As it turns out, there is a lot to be excited about with this innovative token. Let's look at if crypto investors could benefit by signing up to join the Link Marine Corps. 

Monitoring API on a display screen.

Image source: Getty Images.

The idea behind Chainlink

When Vitalik Buterin first created Ethereum, it became a revolutionary way to transfer money seamlessly with smart contracts -- that is, code that can automatically execute an agreement between parties. However, Ethereum cannot integrate real-world data into such an agreement. Chainlink fills this gap by creating an oracle network incorporating market data, bank payments, retail payments, web APIs, backend systems, and other blockchain cryptocurrencies The setup connecting real-world APIs into smart contracts is known as an oracle network. 

Its network secures billions of dollars in value for smart contracts across the decentralized finance (DeFi) network. The token is popular for cryptocurrency derivatives, contracts relating to lending and borrowing, stable coins (that is, coins requiring underlying collateral backing the asset), and cryptocurrency asset management. It is the first and most popular DeFi token and oracle network of its kind. 

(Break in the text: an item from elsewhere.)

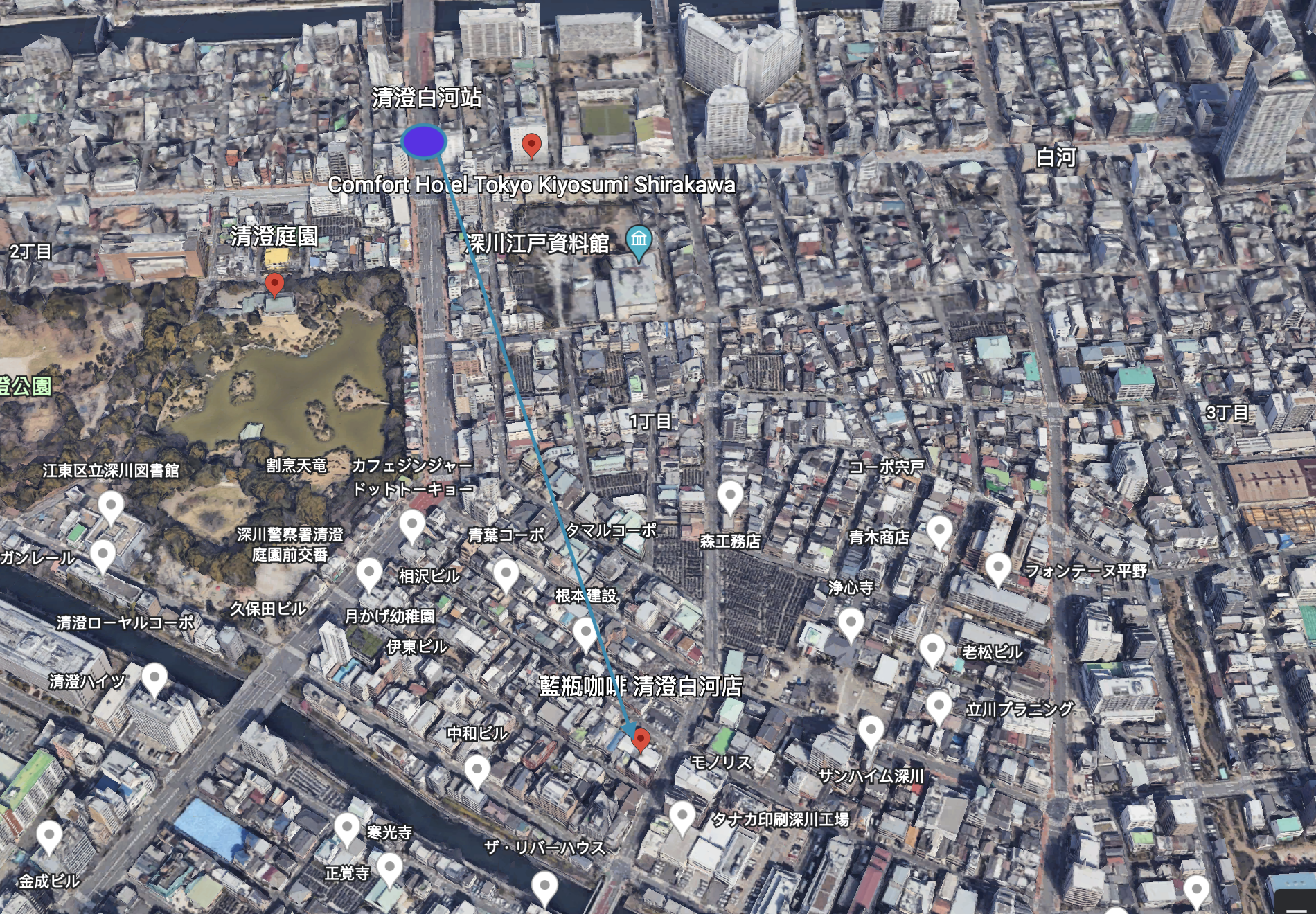 BLUE BOTTLE COFFEE KIYOSUMI-SHIRAKAWA(35.68N, 139.80E)。

How do the fundamentals look? 

Chainlink currently has a fully diluted market cap of $24.2 billion, with 441.5 million tokens mined out of a total of 1 billion. Moreover, each transaction is lightning fast -- taking 20 confirmations over five minutes. 

However, since the token is mostly used for processing large-capital movements on DeFI networks, evaluating its ability for everyday consumer transactions isn't really applicable yet. By the way, Binance is currently part of the Chainlink ecosystem -- using the oracle token on its Smart Chain and saving developers the time they'd otherwise spend building their own.

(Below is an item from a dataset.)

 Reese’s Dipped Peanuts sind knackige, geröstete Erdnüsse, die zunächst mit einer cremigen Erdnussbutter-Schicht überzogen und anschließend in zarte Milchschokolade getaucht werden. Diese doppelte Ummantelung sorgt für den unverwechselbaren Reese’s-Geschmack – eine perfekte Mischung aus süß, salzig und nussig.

Unlike Bitcoin, Chainlink uses a proof of stake (PoS) protocol, which means there are no advanced cryptic puzzles miners need to solve to process network transactions -- significantly reducing Chainlink's environmental footprint. The downside is that people mine or validate block transactions based on how many tokens they own. In fact, 125 wallets control as much as 80% of Chainlink -- making the token extremely susceptible to price manipulation (mainly to the upside).

So what's the verdict?

The best part about Chainlink is that it has utility outside the cryptocurrency realm as well. Right now, Alphabet (GOOGL 0.79%) is using Chainlink to develop hybrid blockchain applications on Google Cloud. Overall, due to its limited supply, high utility, solid potential, and widespread adoption among the DeFi community, Chainlink is a token investors can count on.

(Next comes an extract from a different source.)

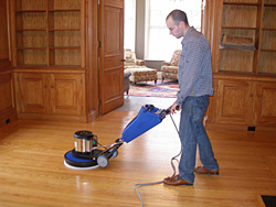 Wash the floors with a damp mop to remove in dirt and grit that may have stuck to the floor. Never allow any liquid to stay on the floor especially when you are mopping the floor with a mop. It should be only damp and not wet. Never use any abrasive material or any soap that could damage the finish on the floor.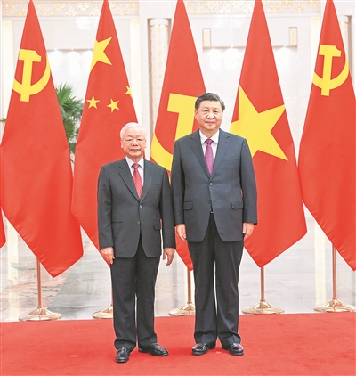 习近平指出,中越是山水相连、唇齿相依的好邻居、好朋友,是志同道合、命运与共的好同志、好伙伴,是致力于人类和平与进步事业的命运共同体。在两国推进社会主义现代化建设征程上,中国共产党愿同以阮富仲总书记为首的越南共产党一道,传承好毛泽东、胡志明等两党两国老一辈领导人亲手缔造和精心培育的传统友谊,共同引领中越关系取得更大发展。

In the future, I see programmable money forming the basis of consumer transactions. And since Ethereum currently does not have the ability to process smart contracts in the real world, Chainlink would undoubtedly play a pivotal role by "linking" such transactions to real-world data for settlement, causing its price to go up. If there's one cryptocurrency to buy on the dip in the bear market, it'd be Chainlink.